Since one of the purposes behind this whole exercise was to put out some of my writing, and since I’m already slacking off on the schedule I promised to keep, here’s an extra update. It’s a very short, largely out-of-context fiction piece I put together some time ago on an old forum. It probably won’t make a lot of sense, but I’m proud of it.

Have to keep moving, have to keep running. If only the ground would stop trying to crawl away from me. Nothing makes sense at this point, its all become some weird parody. I’m not laughing though. I’m gasping, trying to breathe, sweating bullets, washed out like a junkie. Coming off the pills, all those goddamned pills I quaffed like fucking candy. The detox might kill me before they do, or before this thing inside me does. Inoperable. Second opinions, third opinions, fourth opinions. “Inoperable.” Even if I wasn’t too weak for surgery they say it’s grown too fast, they’d never get it all at this point. It’s just going to keep on growing like some necrotic new organ, hemorrhaging its shit into my system. Its building up there, whatever weird shit it was that thing produced. It’s slowly changing my body chemistry. I smell different than I used to. That’s not good. Sooner or later it’s going to reach toxic levels and my body will reject it and then I’ll die. Simple as that.

They aren’t finished with me yet, though. The certitude of that is like a weight in the pit of my soul. Its only a matter of time. They’re going to want it back, and they’re going to want it before I have the chance to keel over somewhere where they can’t find me. If I let those bastards cut on me again though, there’s no reason why they won’t just dig their shit out and leave me bleeding on the table. So I run, for as long as I can.

Have to keep moving. Can’t sleep, they never do. Bad dreams anyway. Passing the ninety hour mark soon. Everything is taking on this surreal comic-book quality and I can’t tell what I’m really seeing anymore. Graffiti on the walls start narrating my thoughts. Down every dark alley I see an operating theater, an abattoir, where men with lawyers’ suits and surgeons’ tools are taking me to pieces, grinding my bones for a poultice.

At the end of the alley I see him. Tall and thin, yet somehow filling the space he occupies from one wall to the other. It’s his posture that gives him away, a certain killer comfort in the way he carries himself. He’s the one. I can’t even be sure I haven’t just conjured him out of my nightmares, but before I know it he’s going for it and one way or the other I have to react. Normally I’ve got reflexes that could catch a bullet, but I’m so shaky and strung out that I can barely stay ahead of him. His knife makes it home and I feel serrated teeth ripping into my flesh. He’s playing for keeps. The merchandise is what matters here. His movements are a blur, and I don’t know if that’s because of him or me. I can’t keep on top of him for long, I’m too tired. I have to even the playing field.

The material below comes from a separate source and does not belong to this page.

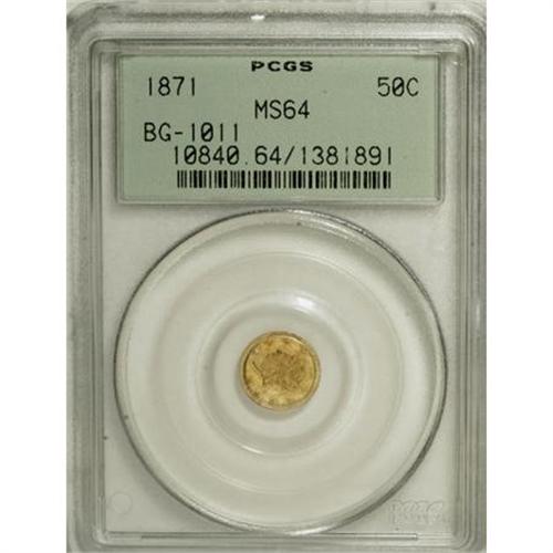 <B>1871 50C Liberty Round 50 Cents, BG-1011, R.2, MS64 PCGS.</B></I> PCGS Population (56/35). NGC Census: (3/10). (#10840)<BR><BR><b>Shipping:</b> Coins & Currency (<a target="_blank" href="http://www.heritageauctions.com/common/shipping.php">view shipping information</a>)

On more time I jab the nasty angry knot of scars to use the implant. Pain radiates out from it in typhoon waves but I can feel it working. He tries to get a hold on me and I throw him off like a rag doll. I make a couple shots to his ribs and I’m sure I feel one of them buckle. I throw a haymaker that would take his head off but he turns and I miss. Too slow, too clumsy, too tired. His knife takes another chunk out of me. I’m starting to lose blood. A desperate jab puts him back on his heels, but I can’t seize the initiative. I can’t get enough air. Feels like I’m breathing water, gargling with every breath. I can taste something welling up in the back of my throat, choking me. It’s foul, like bile, and I can feel it filling my throat and lungs, drowning me in the open air.

He lunges for me again. I kick him in the groin but it only slows him down. I feel the blade sink deep into my shoulder, grinding my teeth when it scrapes against the bone. His momentum carries me down, landing hard on the concrete and coughing up something vile. He recoils from it instinctively, giving me an opening to grab my hands around his throat. I’m giving everything I’ve got into crushing this fucker’s larynx, but he isn’t quitting yet. He pulls the knife out of my shoulder, taking gore with it, and jams it straight down into my abdomen. It burns like nobody’s business, even more when he twists it. I can feel the strength leaving my arms, loosening around his neck, and I can taste blood mingling with the bile in my mouth. I wonder idly if I’d rather be killed by Anthony Head or Jude Law.

The shit you think about when your heart stops beating…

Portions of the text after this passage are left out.